I can hold two thoughts. I don’t believe Charlie Kirk was an American hero and Charlie Kirk should not have been murdered. Those are not mutually exclusive.

I have a reason I feel this way. I actually have several. I want you to understand what’s it is like when violence is the solution.

Colonel Ali

Colonel Ali was the director of the Iraqi Joint Forces Headquarters Public Affairs office. When I first met him in 2005 he was working for another good man and their office was literally a closet in the Iraqi version of the Pentagon. I used the clout I had as their senior advisor and spokesman for Multi-National Security Transition Command-Iraq to get them a proper office and staff.

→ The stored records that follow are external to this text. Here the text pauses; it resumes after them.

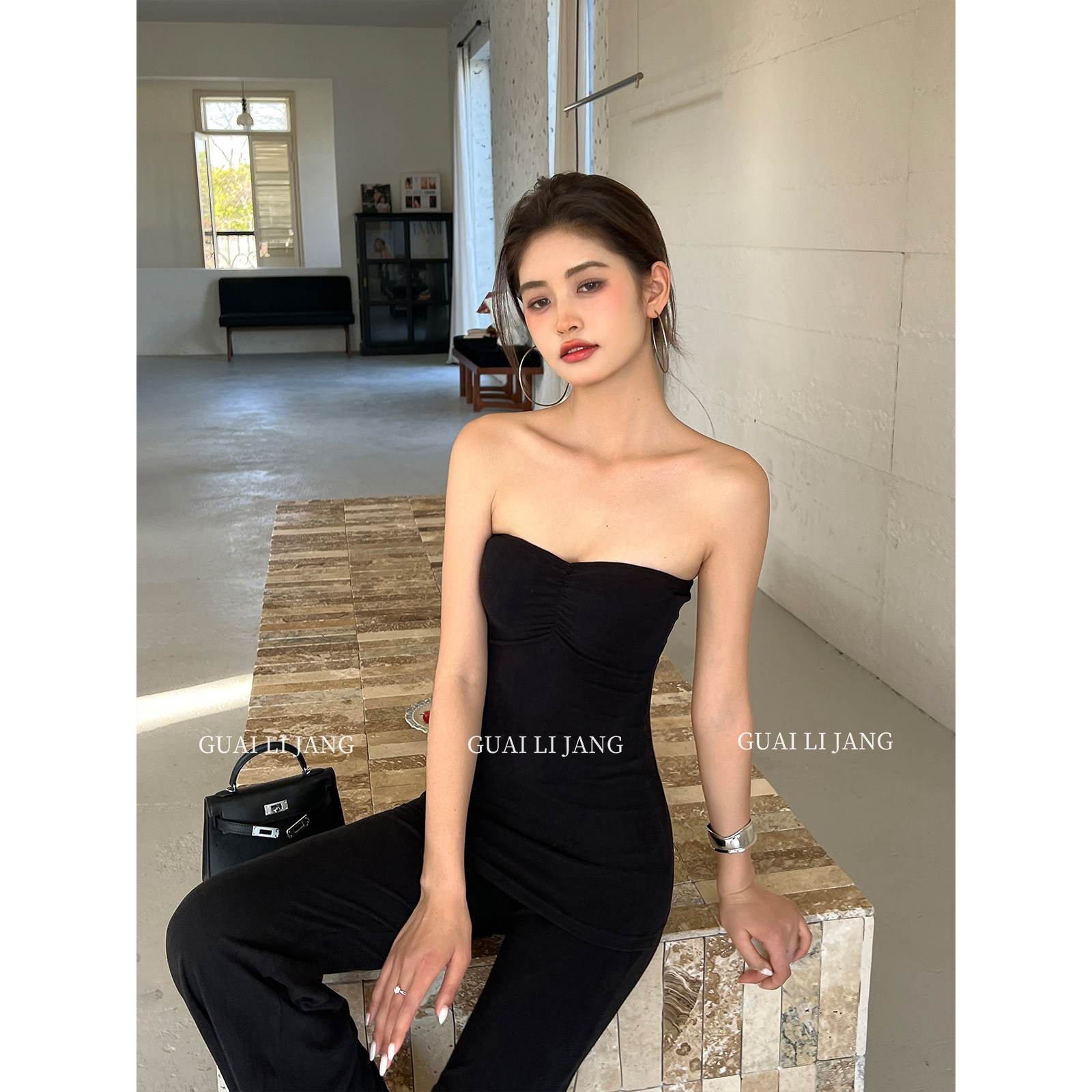 👀先说说这套套装的亮点。首先是那抹胸的设计,美式风格的设计让整个辣妹形象更加突出。其次,修身显瘦的设计让你无论是在什么场合都能轻松驾驭。露肩设计更是增添了一丝妩媚和优雅。再来说说它的垂感,穿上之后仿佛整个身体都被包裹在柔软的针织之中,真的是修身显瘦的绝佳选择。
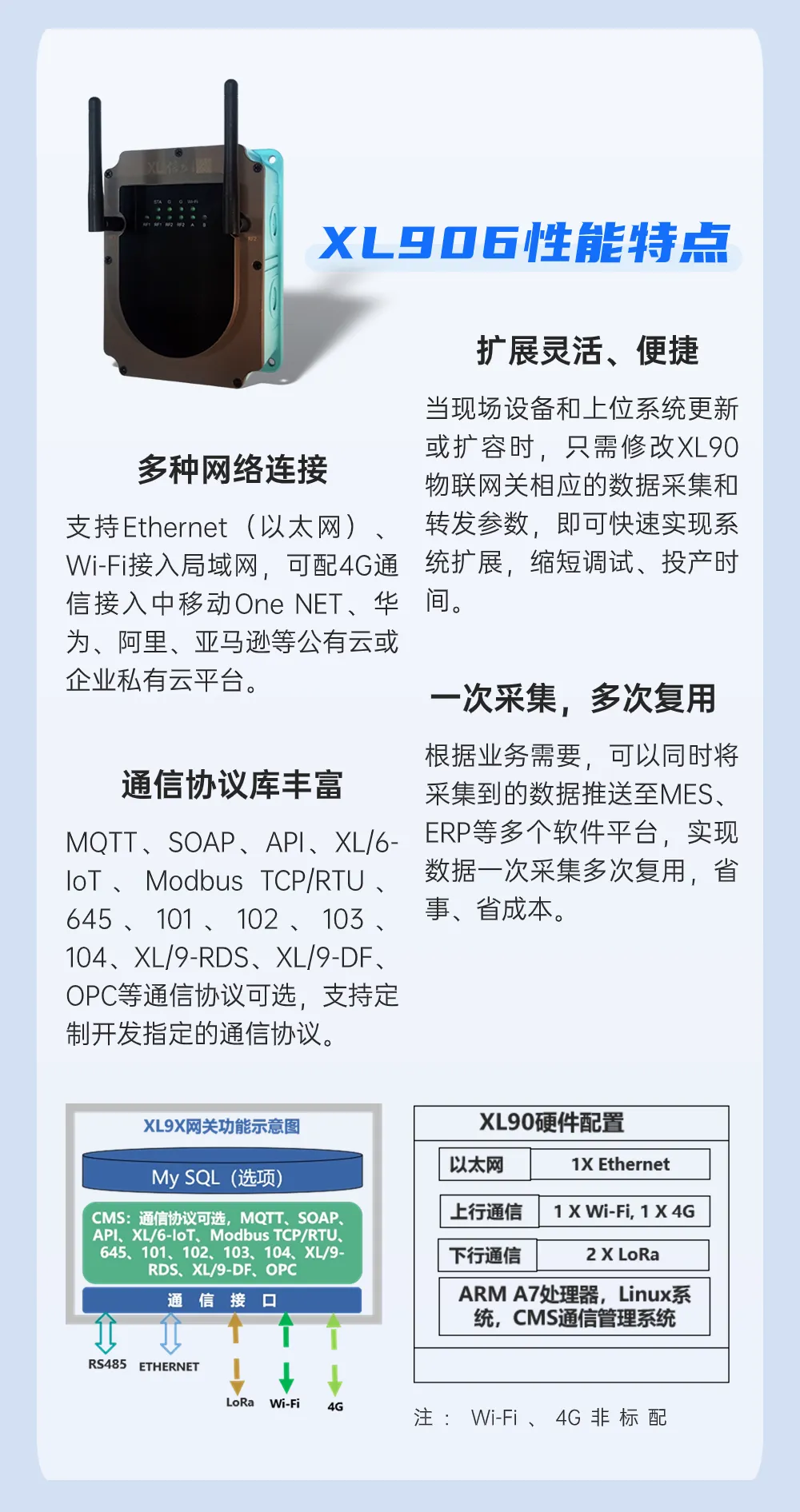 選擇XL90物聯(lián)網(wǎng)關(guān),無線讀取XL65無線采集模塊的溫度數(shù)據(jù),上傳至監(jiān)控平臺。
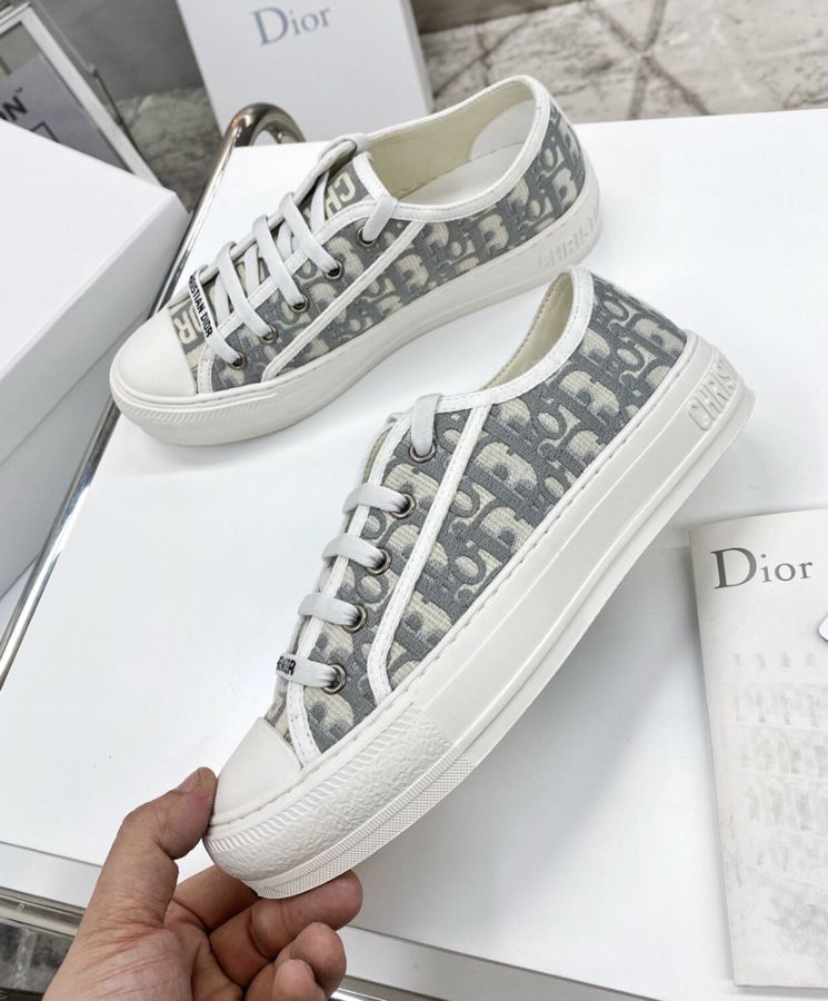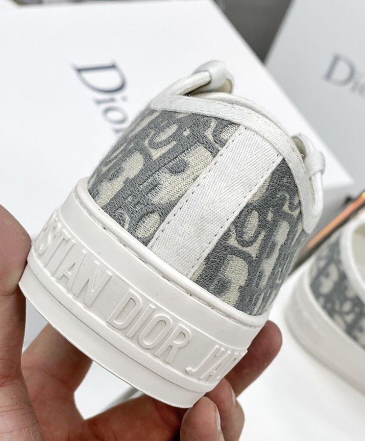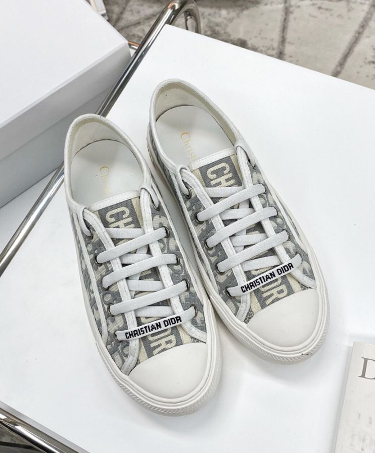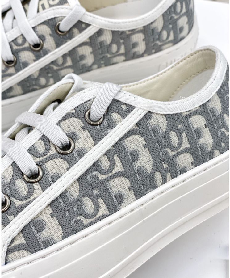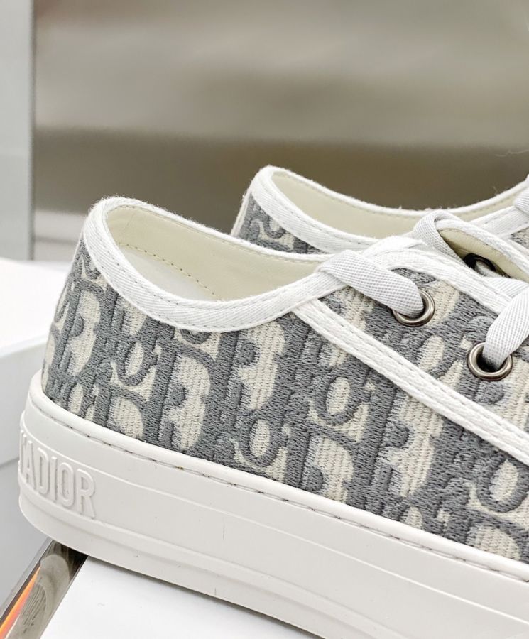 The Walk’N’Dior sneaker presents a gray embroidered cotton Dior Oblique motif. Its relaxed design features signatures on the tongue, rubber sole and laces for a timeless look.
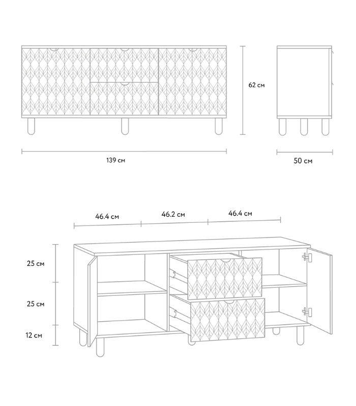 Các chi tiết được hoàn thiện tỉ mỉ, từ tay nắm vàng ánh kim cho đến họa tiết lá nhẹ nhàng trên mặt hộc kéo – dấu ấn đặc trưng của bộ sưu tập Tedjons. Cấu trúc bên trong chia ngăn hợp lý, tạo sự thuận tiện cho người dùng trong việc sắp xếp và cất giữ.
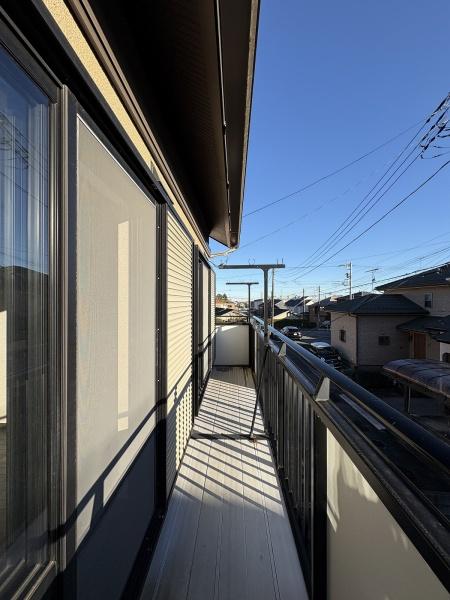 バルコニー 二部屋から出入り可能なバルコニー。

When I returned to Iraq in 2008 he had been promoted to the head of the directorate himself. He was a good man. He had a wonderful sense of humor and an easy smile. We spent countless hours together in Iraq traveling the country visiting Iraqi units.

Here we are at the Iraqi Military Academy waiting for our helicopters to come take us back to the Green Zone.

He even visited the United States after I retired from the Army and I had the honor to escort him and his colleagues to Arlington National Cemetery to visit the grave of the remains of U.S. Air Force members and Iraqi Air Force pilots killed in a crash in 2008.

One day Colonel Ali stepped out of his door in Baghdad, kissed his daughter goodbye for the day, and as he turned to walk to his car he was shot multiple times by an assassin riding on the back of a motorcycle who sped off and was never found.

He died on his front walk.

He was my friend.

Lt. Colonel Raad

I first met Sheik Raad when I was stationed at Q-West in southern Ninewa Province. We had arrived there less than a month after the fall of Baghdad. I was the Operations Officer for a UH-60 equipped battalion of the famed 101st Airborne (Air Assault) Division. Within a couple of weeks I found myself visiting local villages and helping them rebuild their lives.

Sheik Raad was the cousin of my closest partner Dr. Muhammed. His village was just outside of my assigned sector – it straddled both the highway from Baghdad to Mosul, the main oil pipeline going north, and astonishingly, the high power electric wires also between the two cities. It was what we call “key terrain.”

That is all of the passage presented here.